This semester we (Berit Johnson and Sarah Strohkorb) set out to answer some predictive questions about Olin courses, students, and majors. More specifically, we’re attempting to answer the question, “can we predict what one student will take for any given semester based on their course history?” which easily expands to, “can we predict Olin’s total course enrollment for Spring 2014 based on all of the students’ course histories?”
Our preliminary results show promise, but there is significant room for improvement. We’d like to share our work with the Olin community and also welcome feedback and suggestions.
To begin, our work depends on the assumption that Olin students act somewhat predictably: the courses people have taken in the past can tell us something about what they are likely to take in the future. We therefore obtained the anonymized list of all courses taken by each Olin student from the Fall 2002 semester to the Spring 2014 semester. This data became the input to our model.
To make our predictions, we used a logistic regression which is a model designed for classification and used to predict a binary outcome based on a set of predictors . We train the model by giving the model input data with known classifications. In this case, the input is the set of classes a student has taken up to a given point in their academic career and the classification is whether or not that student takes a given course in a particular semester. Once we have trained the model, we can verify its validity by using it to classify testing data that the model has never seen before.

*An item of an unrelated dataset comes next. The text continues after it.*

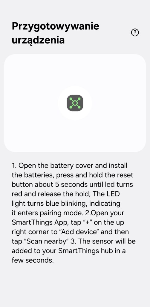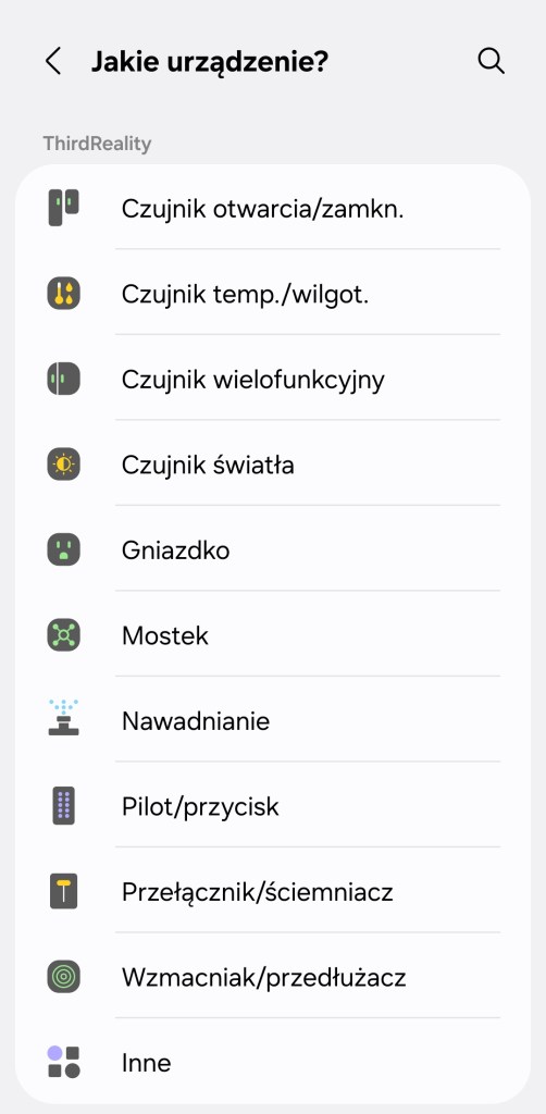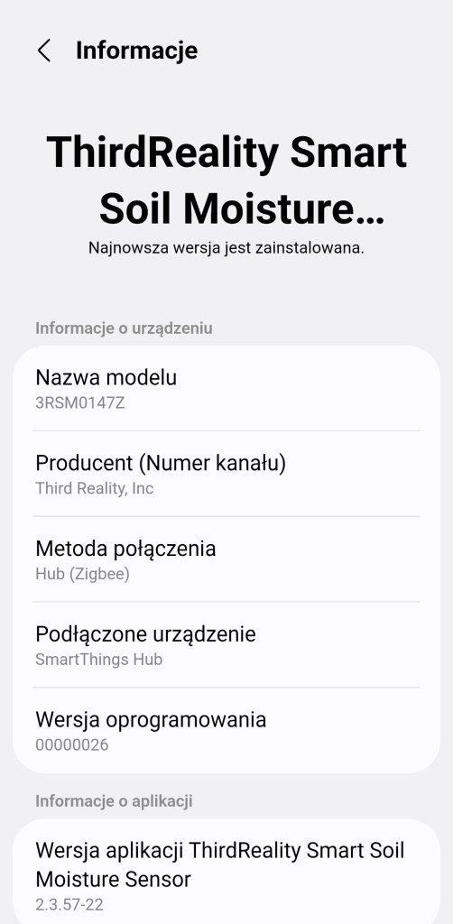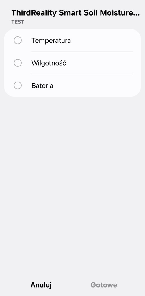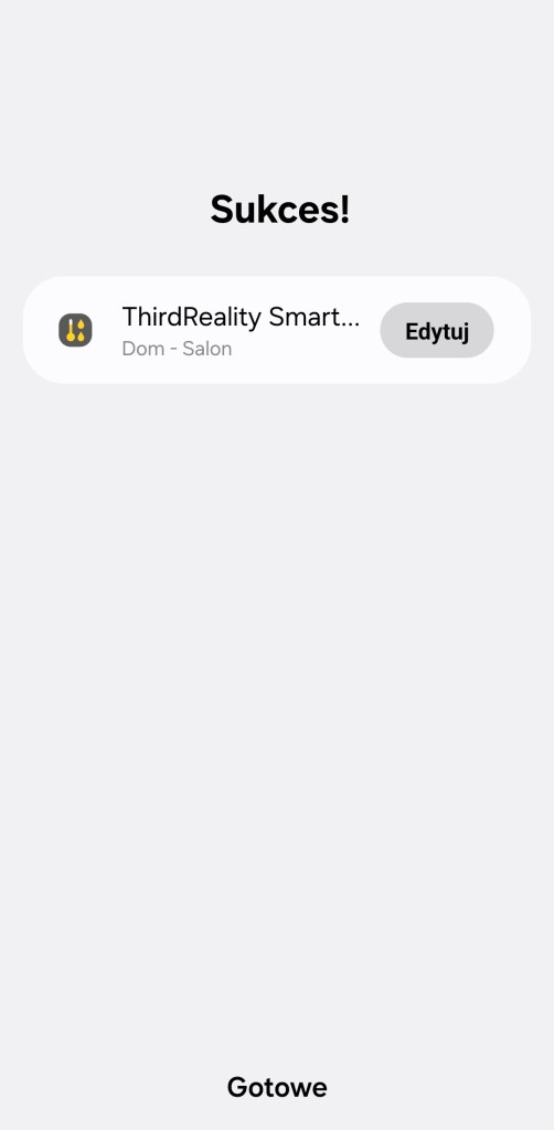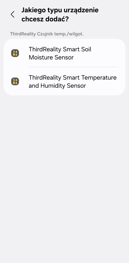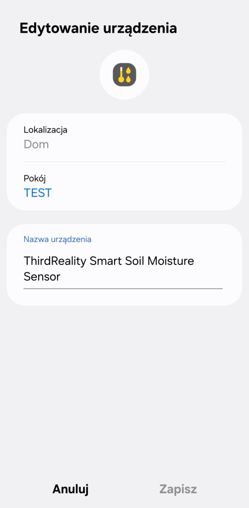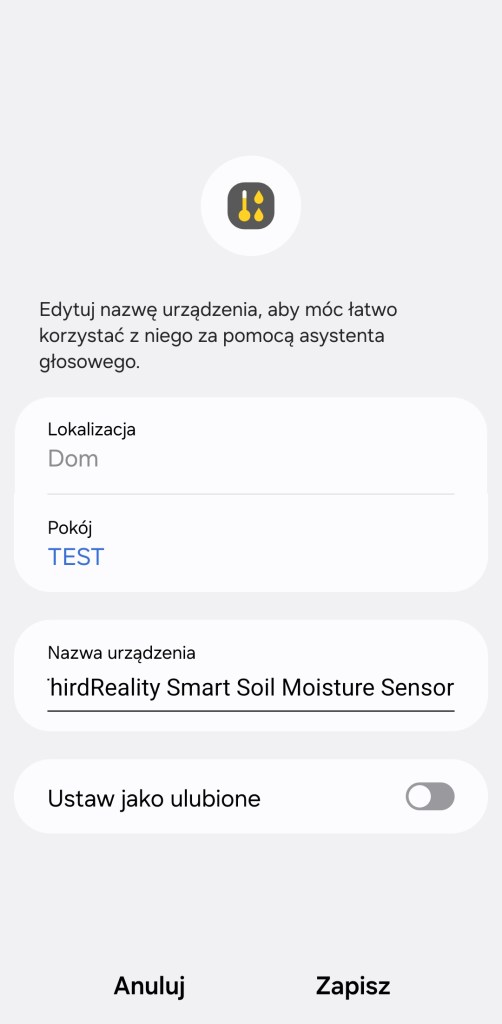 Aby dodać czujnik do aplikacji SmartThings. Na ekranie aplikacji, klikamy Dodaj ( + ), znajdziesz go w prawym górnym rogu ekranu. Następnie Dodaj urządzenie, w sekcji Urządzenia partnerów wybierz ThirdReality. Z dostępnych urządzeń wybierz Czujnik temp./wilgot. i wybierz model ThirdReality Smart Soil Moisture Sensor. Nie mamy dołączonego kodu QR więc Pomiń ten krok. Rozpocznie się wyszukiwanie nowego urządzenia. Jeśli jeszcze tego nie zrobiłeś, na obudowie czujnika, przytrzymaj przycisk resetu przez 5 sekund. Po chwili sensor zostanie wykryty i dodany do ekosystemu SmartThings. Po pomyślnym znalezieniu urządzenia możemy zmienić jego nazwę, wybrać pokój, do którego ma trafić. Można dodać sensor do panelu ulubionych. Kończymy proces instalacji, klikając Gotowe. Czujnik temperatury i wilgotności pojawi się w wybranym pomieszczeniu.

In order to predict Olin’s entire course enrollment, we predicted the enrollment for each course individually, and within each course predicted the enrollment for each graduating class (first years, sophomores, etc.). For example, let’s say we’re predicting the enrollment of sophomores in Software Systems for the Spring 2014 semester. We extracted all of the current sophomores from the data set to form our “testing data.” We then created our training data by taking all of the other students’ course histories up to the first semester of their sophomore year and recording whether or not they took Software Systems during the second semester of their sophomore year.
We fit our logistic regression model to the training data and used the model to make predictions based off of the testing data. In this example, for every current sophomore the model outputs a probability that they will take Software Systems. Summing these probabilities yields the expected number of sophomores to enroll in Software Systems in Spring 2014.
We compared our predicted enrollment for each course this semester with the actual enrollment and displayed representative results for seven of the courses offered in the Spring 2014 semester in Figure 1. Of the 57 courses we predicted enrollment for, 9 had less than 10% error, 7 had 10-30% error, 12 had 30-50% error, and 29 had over 50% error. We also compared our model to the enrollment for the previous year as a baseline. We can see that when our model does well, it does very well, out-performing the baseline, but when it does poorly, it does very poorly indeed.
Our analysis of the predictions suggests that our model performs poorly for newer courses like Data Science and other “Special Topics” courses because there is no history of students taking these courses. The courses that our model does well with tend to be more well-established like Thermodynamics or PDE’s. Additionally, for courses like POE, Signals & Systems, and Software Design, enrollment can vary due to variance of student interest, trends within graduating classes, and how the course is advertised. There are also a variety of factors that can affect enrollment that our model does not take into account such as enrollment caps or whether a given course satisfies a major requirement.
One problem that we encountered with our data was the amount of variance in the Olin curriculum from special topics that are only offered once to changes in the First year curriculum. In order to improve the quality of our predictions, we could group related classes and predict whether or not students are likely to take a course in a particular group.
Additionally, we are considering answering other questions with this data such as: “who is likely to wait until senior year to take Mod Bio?”, “what major is person X most likely going to graduate with?”
If you have any feedback/suggestions or questions you think would be interesting to try to answer with this data, please let us know!
Figure 1. A comparison of predicted, actual, and last Spring’s course enrollment for a particular set of courses for the Spring 2014 semester. The predicted enrollments were determined by the output of our logistic regression model. PDEs stands for Partial Differential Equations and POE stands for Principles of Engineering.